Scope of the Role: Innodata produces the voice and audio datasets behind the world's leading speech AI. We're hiring an Audio Engineer to own the technical heart of that work: the signal chain, the post-processing recipe, the technical specifications, and the consistent acoustic quality - the "sound signature" - that defines an Innodata dataset.
You'll ensure every hour of audio we deliver, across dozens of languages and recording conditions, meets a precise and consistent technical bar. You'll design the recipe, build the validation, and continuously push the quality and efficiency of how we capture and process audio.
What You'll Own:- Own the end-to-end audio signal chain and post-processing pipeline for all collection programs.
- Define and document technical specifications: sample rates, bit depth, formats, loudness (LUFS) targets, noise floors, channel configurations.
- Design and maintain the "Innodata sound signature" - a consistent, spec-compliant acoustic profile across studio, remote, real-world, and telephonic captures
- Build technical QA: automated and manual checks that validate audio against spec before delivery.
- Specify and validate recording setups for vendors and remote contributors (signal-chain testing in a small in-house studio).
- Partner with the Solutions Architect to translate customer acoustic requirements into achievable technical recipes.
- Drive tooling: help select and configure recording/QA/processing tools; automate where possible.
- Troubleshoot acoustic and signal issues across diverse capture environments.

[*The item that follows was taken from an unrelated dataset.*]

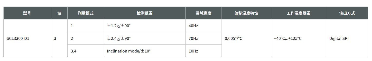 SCL3400-D01是村田(Murata)推出的高精度双轴数字倾角传感器,具有±90°测量范围和全角度检测能力。该传感器提供两种可选模式:±30°(10Hz滤波)和±90°(40Hz滤波),支持不同动态响应需求。采用SPI数字接口,分辨率达32768LSB/g,噪声密度低至0.0009°/√Hz,零偏漂移≤0.05°,确保高精度测量和长期稳定性。工作温度范围-40℃至+85℃,供电电压3.0-3.6V,采用8.6×7.6×3.3mm紧凑封装,适用于结构监测、平台调平、IMU和导航系统等工业应用。

You'll Thrive in This Role If You Have:- Strong audio engineering background: signal chain, recording, post-processing, mastering, and acoustic QA.
- Deep fluency in audio technical specs (sample rate, bit depth, LUFS, formats, codecs) and the ability to define and enforce them.
- Experience producing consistent audio quality across varied recording conditions and locations.
- Comfort with audio tooling and automation (scripting for batch processing/QA is a strong plus).
- Precision and process orientation - you care about consistency at scale, not just one great recording.
- Experience with speech/voice data for AI/ML (TTS or ASR datasets).
- Familiarity with multilingual recording and remote/distributed capture.
- Knowledge of speech quality metrics and how acoustic choices affect downstream model performance.
- Scripting (Python) for audio processing pipelines (e.g., ffmpeg, sox, pydub, librosa).
The expected salary range for this position is $120,000 - $160,000 USD per year, based on experience, skills, and qualifications.